The best of 2018: Alpha
A review by Brooks Rich
2018 was the year of really bad trailers. Several films were sold to be something they weren’t. The most egregious example was Albert Hughes’s caveman survival film Alpha. The first trailer was ok and came across as a fun caveman adventure movie where a young caveman is separated from his tribe and must make his way home. Along the way he befriends a wolf, trains it, and voila, the first relationship between man and dog. Sure fine. The second trailer focused more on this and advertised the film as a borderline family film. So what kind of film did we get?
We got a slow almost meditative survival film with a caveman. Young Keda, our protagonist, is played by Kodi Smit-McPhee, a young actor who has been around, one of those late teens, early twenties character actors who deserves a bigger career than he has right now. He does the heavy lifting of acting and he answers the call admirably. No one is winning any awards here but Smit-McPhee should be in the conversation for most underrated performances of 2018. Alpha doesn’t work without him. He makes you buy the relationship between Keda and the wolf, something that could have completely failed in less capable acting and directing hands.
Speaking of directing hands Albert Hughes is both an asset and hindrance to this film. Alpha loses points for a baffling decision that in fairness to Hughes also has studio decision written all over it. The opening scene is well done, action packed, ok ignore the bad CGI, and a fantastic action scene. Action scene, title card, boom. Let’s do this. Nope. We now have to flashback and meet these characters. I am really getting sick of out of order storytelling. This is one is not as baffling as Dunkirk, no need to tell that film out of order, but its so unnecessary and feels either like a studio suit or some moron at a test screening saying they want an action scene to open the film. A slow build opening where we meet our characters? God forbid.

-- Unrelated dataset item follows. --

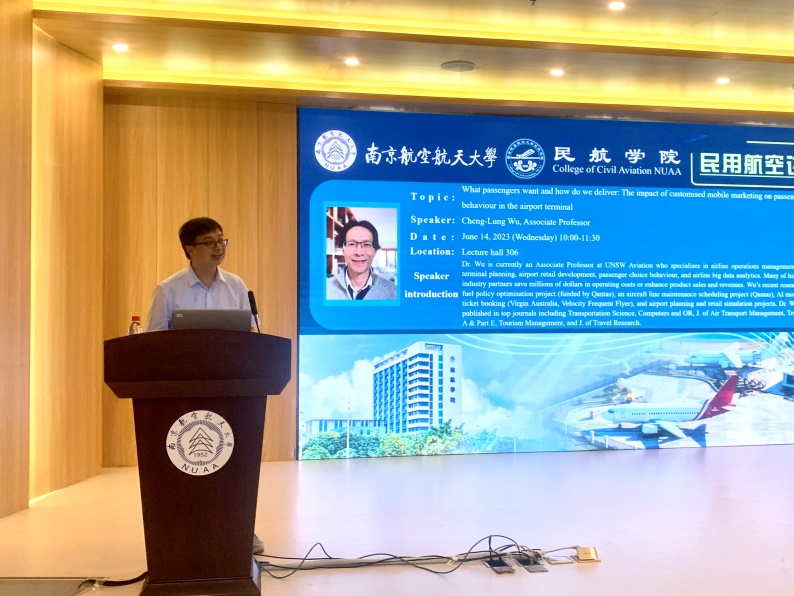6月14日上午,澳大利亚新南威尔士大学吴政隆(Wu Cheng-lung)副教授作客我院第43期“民用航空讲坛”,并作题为“What passengers want and how do we deliver: The impact of customized mobile marketing on passenger shopping behaviour in the airport terminal”的报告。必威西汉姆联副院长吴薇薇、副院长邵荃,学院师生100余人参加报告会,报告会由邵荃主持。
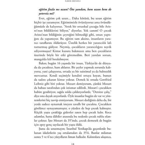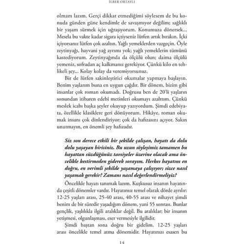 Yenal Bilgici'nin tarih profesörü İlber Ortaylı ile yaptığı söyleşi, birçok sorunun cevabını içinde barındırıyor. "Bir ömrü hakkıyla yaşamak için ne lazımdır?", "İnsan kimden, ne öğrenir?", "En iyi nasıl seyahat edilir; bir şehir nasıl dolaşılır?", "Hangi müze, hangi meydan, hangi sokakları görmek için dünyanın bir ucuna kadar gidilebilir?", "En verimli sonucu alabilmek için nasıl çalışmak gerekir?" gibi sorular ve bunlardan daha fazlasına cevap vererek, 7'den 70'e herkese tavsiyelerde bulunan İlber Ortaylı, kullandığı ifadeler ve sunduğu öneriler ile herkese yol gösteriyor. Akıcı bir sohbet havasında ilerleyen kiitap, bir çırpıda okunuveriyor.

That and the CGI not being great is Alpha’s biggest weaknesses. But looking beyond we find a very tense story of survival and unlikely friendship. The dog stuff works as does the survival element. This film should be bigger but a year long delayed release and a marketing campaign completely unsure of itself seemed to doom it to box office bomb status. But word of mouth helped Alpha become a modest hit. There’s bigger films to catch up on from 2018 for sure but if you skipped Alpha, give it a shot.